EXERCISE AIM -
The data below should be copied out exactly, with its pictures omitted.

START PROVIDED MATERIAL

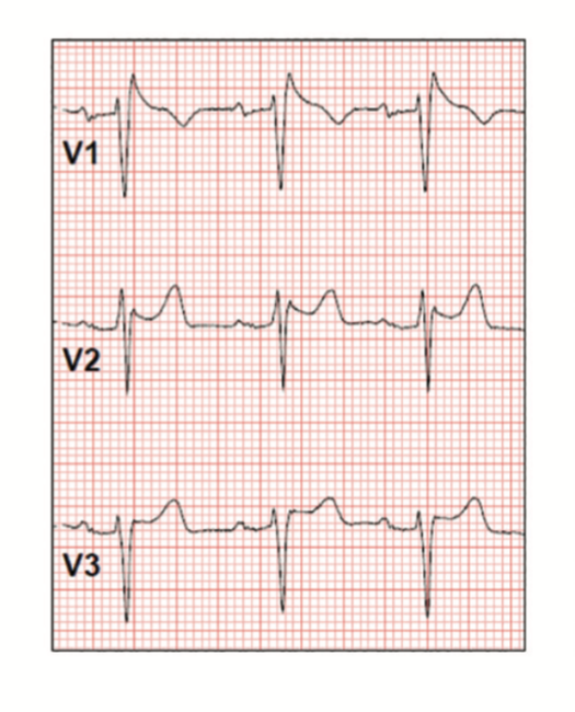 BrS is a familial arrhythmia syndrome with complex inheritance, which manifests as a coved ST-segment elevation pattern in precordial leads V1-V2 along with T wave inversions (type 1 pattern), and in some patients, is associated with ventricular fibrillation (VF). A type 2 BrS ECG pattern is described as a “saddle-back” ST-segment elevation and an upright or biphasic T waves in V1-V2. (Figure 2)
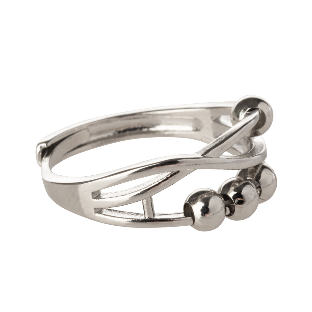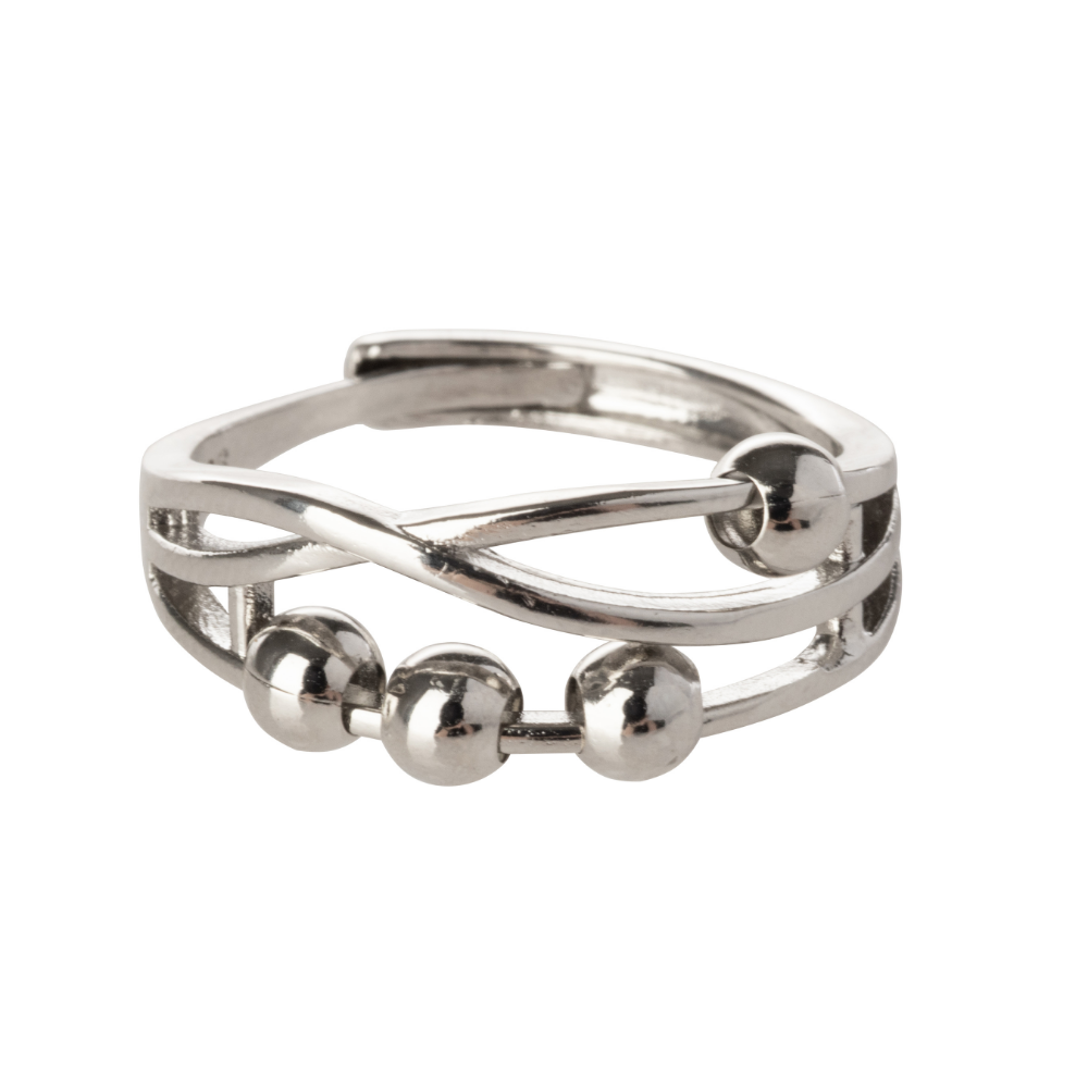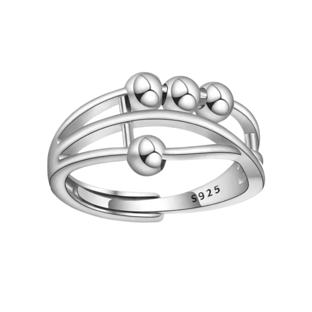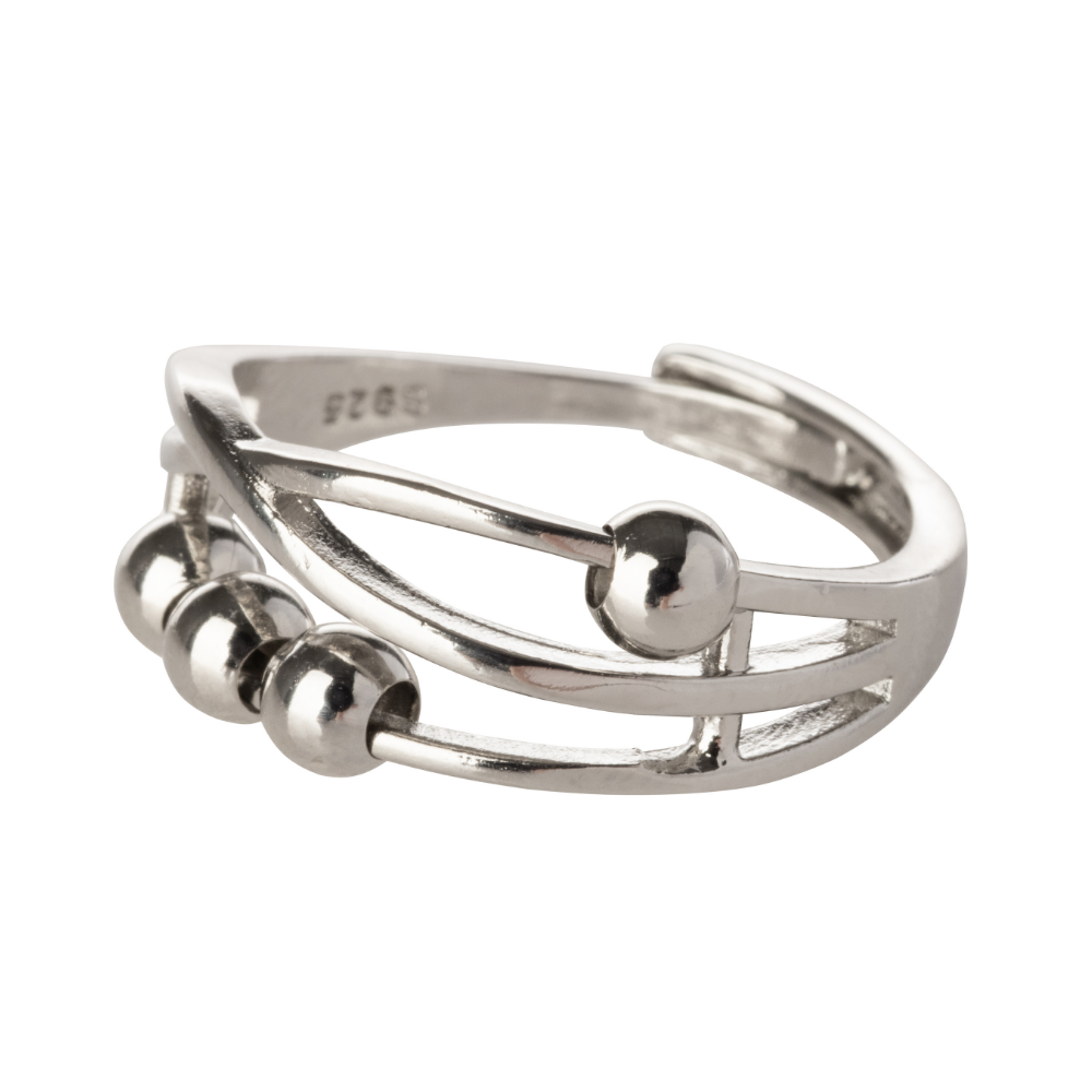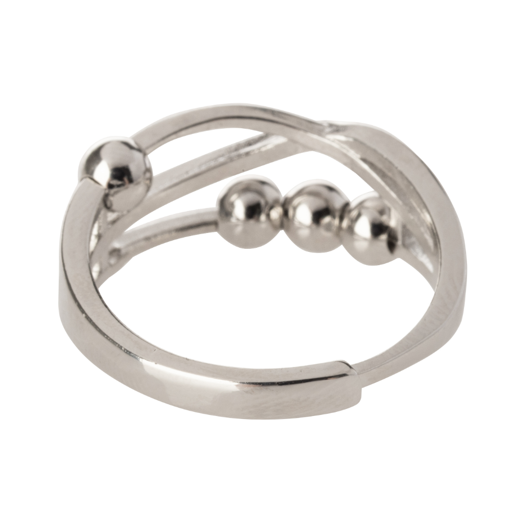 Beaded Criss Cross Design Adjustable Beaded Fidget Ring - 925 Sterling Silver
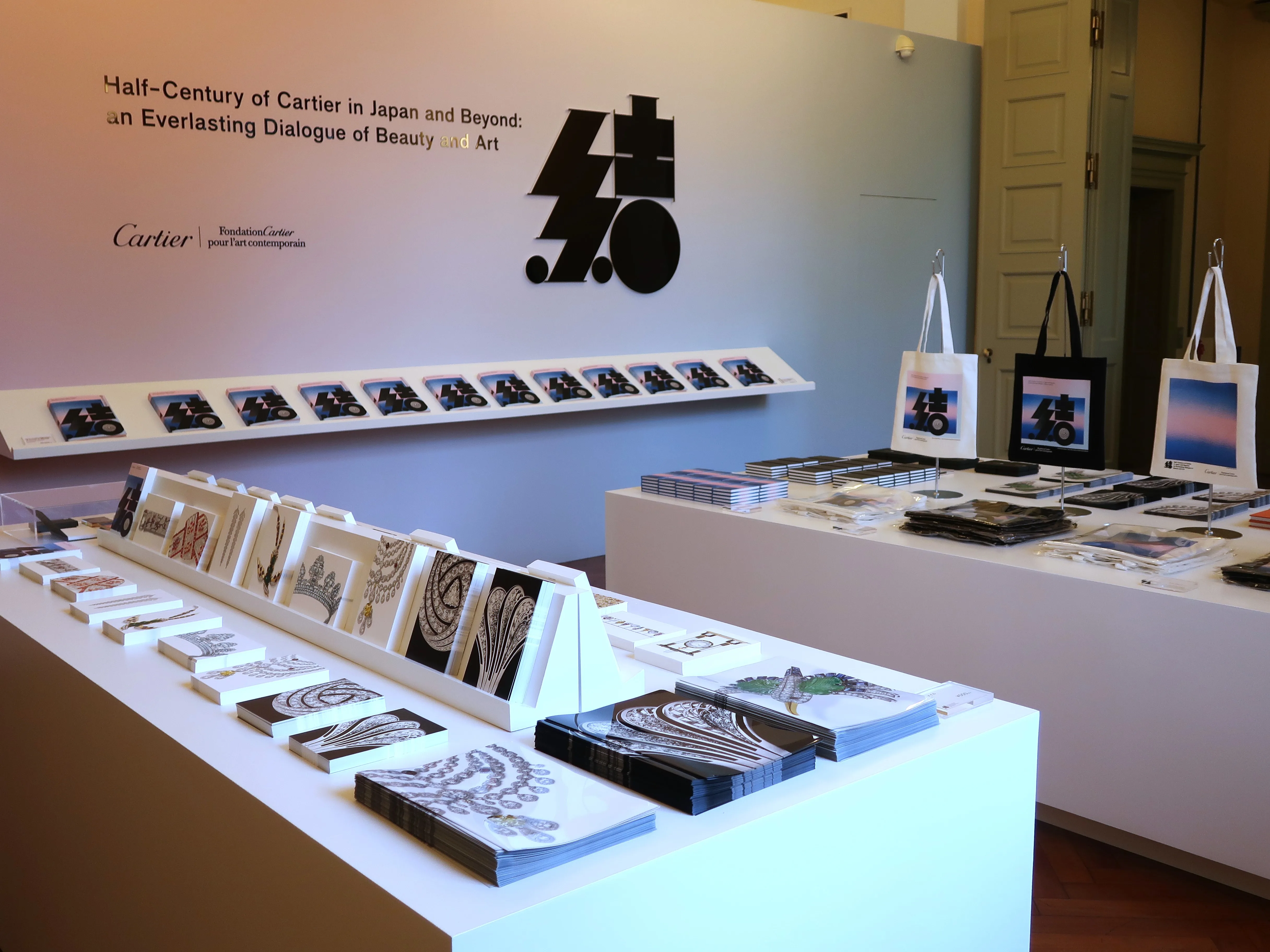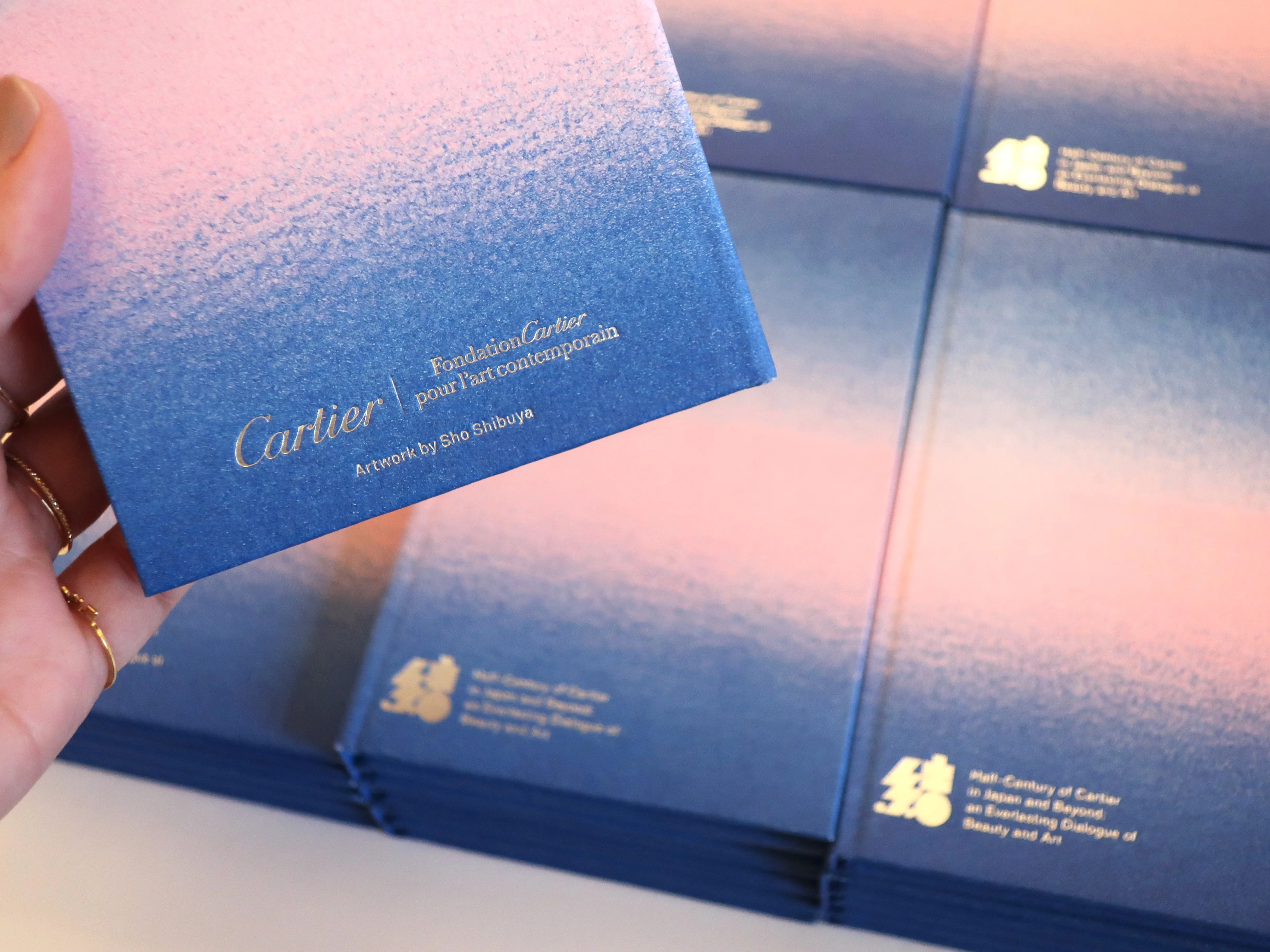 特設ショップでは、多数のオリジナルグッズが展開されている。筆者が気になったのは、キービジュアルになっている澁谷の作品を表周りに用いた、手のひらサイズのノート。表紙と裏表紙それぞれに、金色の箔押しで、本展のロゴデザインや、カルティエと財団の名前があしらわれている。

END PROVIDED MATERIAL

ANSWER AREA -
 BrS is a familial arrhythmia syndrome with complex inheritance, which manifests as a coved ST-segment elevation pattern in precordial leads V1-V2 along with T wave inversions (type 1 pattern), and in some patients, is associated with ventricular fibrillation (VF). A type 2 BrS ECG pattern is described as a “saddle-back” ST-segment elevation and an upright or biphasic T waves in V1-V2. (Figure 2)
 Beaded Criss Cross Design Adjustable Beaded Fidget Ring - 925 Sterling Silver
 特設ショップでは、多数のオリジナルグッズが展開されている。筆者が気になったのは、キービジュアルになっている澁谷の作品を表周りに用いた、手のひらサイズのノート。表紙と裏表紙それぞれに、金色の箔押しで、本展のロゴデザインや、カルティエと財団の名前があしらわれている。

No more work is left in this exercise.